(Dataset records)
——————————

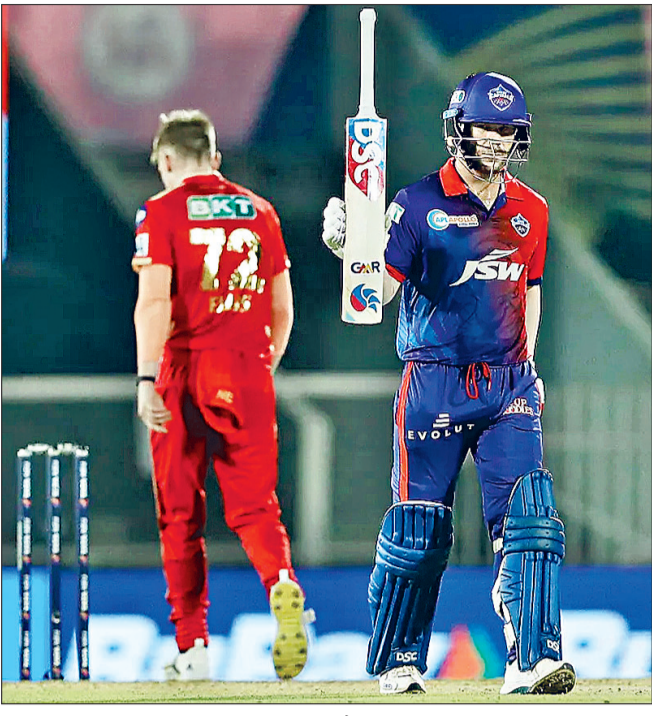
पहुंचा दिया जिसकी यह छह मुकाबलों में कैपिटल्स के नेट रन रेट में अच्छी तीसरी जीत थी। इस जीत से दिल्ली बढ़ती हुई। टीम ने एकमात्र विकेट

■ पंजाब किंग्स को महज 115 रन के स्कोर पर ही समेटा
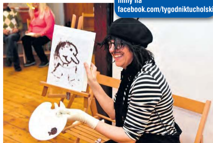
Francuska sztuka uliczna.

Jak na bal przystało, w jego trakcie można było skosztować
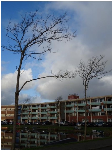
De robinia's met de nummers 86 en 87 en hun (zeer) open kronen

De robinia's met de nummers 86, 87, 90, 92 t/ 96, 177 en 210 vanwege hun beperkte levensverwachting
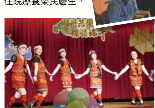
▲高雄榮家「粽情端午聯歡會」有精彩歌舞表演。

臺北榮服處 關懷遺孤榮民眷 在善心人士贊助下，臺北市榮服處舉辦關懷清寒榮民、遺眷及遺孤端午節愛心活動，與榮民、遺眷及遺孤們一同迎端午，活動有魔術表演、摺糖果紙粽、愛心餐會等，輔導會副主任劉樹林也到場向榮民、遺眷及遺孤賀節。
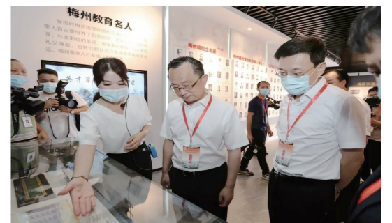
▲參觀田家炳紀念館
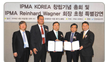
▲ 세계PM협회(IPMA) Korea와 협력 체결
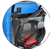
Accessories basket & cable holder
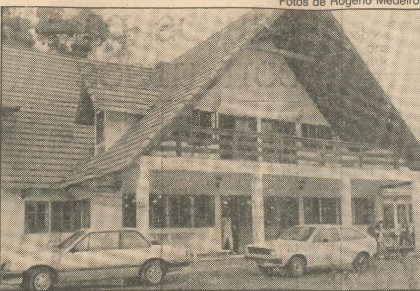
Espaço e lazer não faltam para o hóspede de qualquer dos três hotéis: em Pedreiras, interior do Espírito Santo: Pousada da Pedra Azul, Pousada do Pinho e Caesar Park
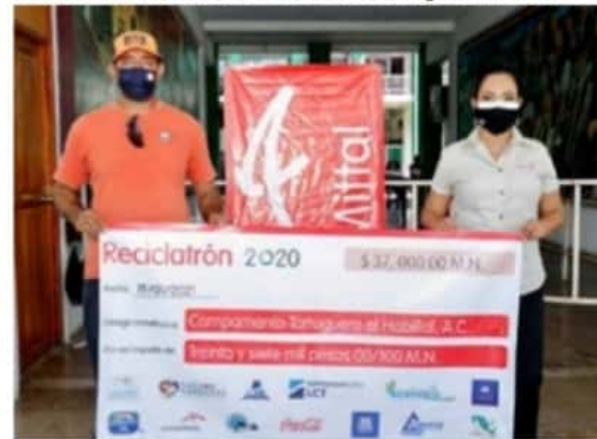
El cheque simbólico fue entregado por un monto de $37,206 pesos.

Con estas acciones ArcelorMittal refrenda su compromiso con la preservación del medio ambiente al margen de sus estrategias de Responsabilidad Social Empresarial y de Sustentabilidad encaminadas a generar alternativas que minimicen el impacto ecológico y mejoren las condiciones para las futuras generaciones.
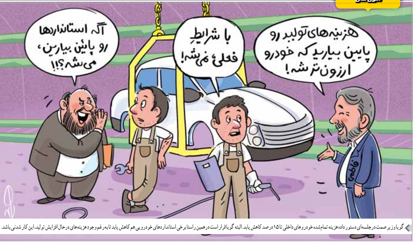
گویا زیر صمت در جلسه‌ای دستور داده هزینه تمام شده خودروهای داخلی تا ۱۵ درصد کاهش یابد. البته گویا قرار است در همین راستا برخی استانداردهای خودرویی هم کاهش یابد تا به رغم وجود هزینه‌های در حال افزایش تولید، این کار شدنی باشد.

آگه استانداردها رو پایین بیارین، می‌شه؟!!
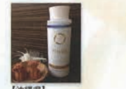
【沖縄県】 (株)パフックホスピタリティーグループ UMUI The therapist シリーズ コスメティック
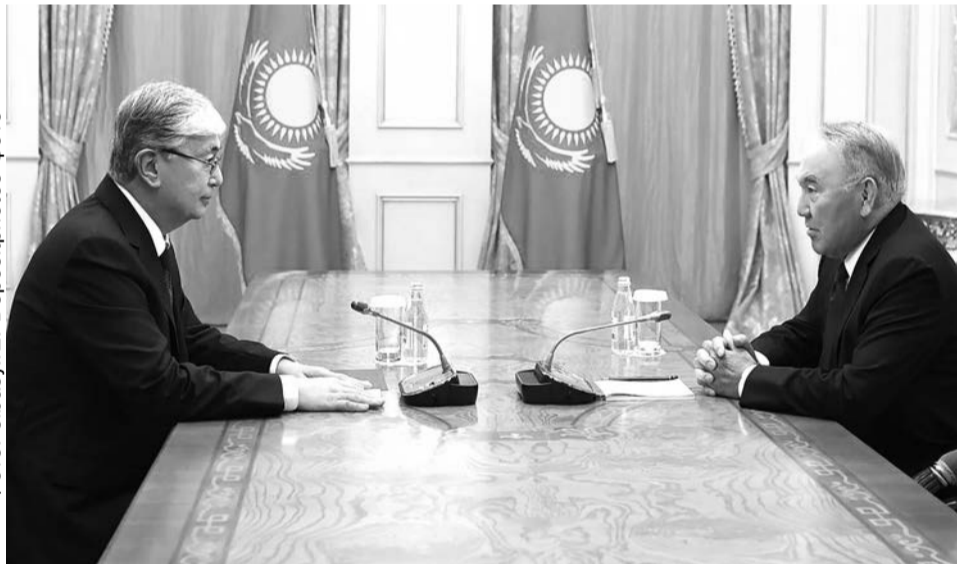
Касым-Жомарт Токаев и Нурсултан Назарбаев

«После ухода в отставку, но оставаясь председателем Совета безопасности, он, надо откровенно сказать, не отличался политической деликатностью, регулярно про-
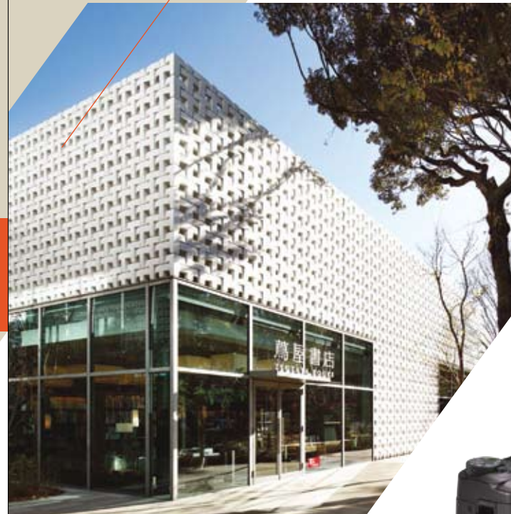
Daikanyama T-Site / Japan / DFA Grand Award 2012

——————————

== What you need to do ==
Copy exactly, without pictures, the lines above from the one with "گویا زیر صمت" down to the one with "в отставку, но", inclusive.

== Exercise result ==
گویا زیر صمت در جلسه‌ای دستور داده هزینه تمام شده خودروهای داخلی تا ۱۵ درصد کاهش یابد. البته گویا قرار است در همین راستا برخی استانداردهای خودرویی هم کاهش یابد تا به رغم وجود هزینه‌های در حال افزایش تولید، این کار شدنی باشد.

آگه استانداردها رو پایین بیارین، می‌شه؟!!
【沖縄県】 (株)パフックホスピタリティーグループ UMUI The therapist シリーズ コスメティック
Касым-Жомарт Токаев и Нурсултан Назарбаев

«После ухода в отставку, но оставаясь председателем Совета безопасности, он, надо откровенно сказать, не отличался политической деликатностью, регулярно про-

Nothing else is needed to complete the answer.